Seems very plausible based on the 2020-2021 population changes, at which NC was growing faster than GA. Will be a very close-run thing either way, though.

I'm a bit confused about their 2021 estimates though because they seem to be in line with their 2020 estimates rather than the true 2020 numbers. For 2021 numbers, they have states like NY and RI (which outperformed in the census) doing rlly badly), whereas underperformers like NC and AZ did really well.

It's well established that the 2020 census numbers erred in a meaningful way.  The North was generally overestimated by several % and the South was generally underestimated by several %.  The 2020 census error margin was on a scale not seen since before WWII.  I would be very careful extrapolating these numbers.  

How do we know that it's actually an error on the census's part rather than them just being lazy with estimates?

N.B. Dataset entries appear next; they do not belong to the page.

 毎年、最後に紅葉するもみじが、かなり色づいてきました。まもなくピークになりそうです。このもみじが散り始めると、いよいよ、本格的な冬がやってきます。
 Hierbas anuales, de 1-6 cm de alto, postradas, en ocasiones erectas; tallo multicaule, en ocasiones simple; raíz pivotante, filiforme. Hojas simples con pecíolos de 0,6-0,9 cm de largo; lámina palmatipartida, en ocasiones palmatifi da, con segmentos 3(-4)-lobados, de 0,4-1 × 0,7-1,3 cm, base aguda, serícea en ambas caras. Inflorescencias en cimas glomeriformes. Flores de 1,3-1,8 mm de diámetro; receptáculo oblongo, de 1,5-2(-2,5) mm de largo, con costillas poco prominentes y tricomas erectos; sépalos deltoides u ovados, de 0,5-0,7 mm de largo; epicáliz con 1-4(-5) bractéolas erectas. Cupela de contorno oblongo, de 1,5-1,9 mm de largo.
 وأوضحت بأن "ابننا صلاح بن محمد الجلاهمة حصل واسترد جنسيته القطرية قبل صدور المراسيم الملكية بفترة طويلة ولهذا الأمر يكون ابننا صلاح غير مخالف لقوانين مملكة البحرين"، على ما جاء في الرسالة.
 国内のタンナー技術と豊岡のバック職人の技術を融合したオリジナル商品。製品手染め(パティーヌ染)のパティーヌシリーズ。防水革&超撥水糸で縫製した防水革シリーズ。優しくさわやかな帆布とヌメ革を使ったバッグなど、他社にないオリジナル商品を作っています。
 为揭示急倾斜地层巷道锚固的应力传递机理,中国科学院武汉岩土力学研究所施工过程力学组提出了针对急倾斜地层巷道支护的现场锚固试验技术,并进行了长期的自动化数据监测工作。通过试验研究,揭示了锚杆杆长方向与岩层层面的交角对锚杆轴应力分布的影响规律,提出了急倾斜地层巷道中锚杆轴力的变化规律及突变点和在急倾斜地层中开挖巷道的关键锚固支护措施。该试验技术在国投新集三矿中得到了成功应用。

It'd be hilarious though if Trump singlehandedly cost Rs an extra seat in FL and TX they otherwise would've gotten.

They acknowledge it here: https://www.census.gov/library/stories/2022/05/2020-census-undercount-overcount-rates-by-state.html

The New York overcount and the Florida and Texas undercounts are likely >500K people each.  This is not normal.  

This is true but also not true. If you read through the report, you'll see that their estimated undercount and overcount are taking a limited household survey similar to the ACS methodology used to produce their ordinary estimates, then subtracting the actual Census figures. In other words, they largely just assumed that the methodology for their estimates would produce a result that was more correct than the Census methodology and claimed undercounts and overcounts in the Census on that basis. Therefore, it's really not any more revealing or a greater admission than when they put out the 2021 estimates that largely repeated pre-2020 estimate results. Whether the estimates are actually more correct than the Census is truly impossible to know for certain (I'm not going to rule out that they are), but I would think a new Census survey in 2030 utilizing (mostly) the same methodologies as in 2020 is more likely to produce a result similar to the 2020 Census than to estimates that use an entirely different methodology.

One point: If the Census was truly so far wrong in multiple places, you'd expect it show up fairly dramatically in voter registrations and turnout figures relative to 2010 (e.g., a state like Hawaii that is reported to be dramatically overestimated should be showing much lower voter registrations and turnout figures as a percentage of the overall population and VAP than it did shortly after 2010). It hasn't.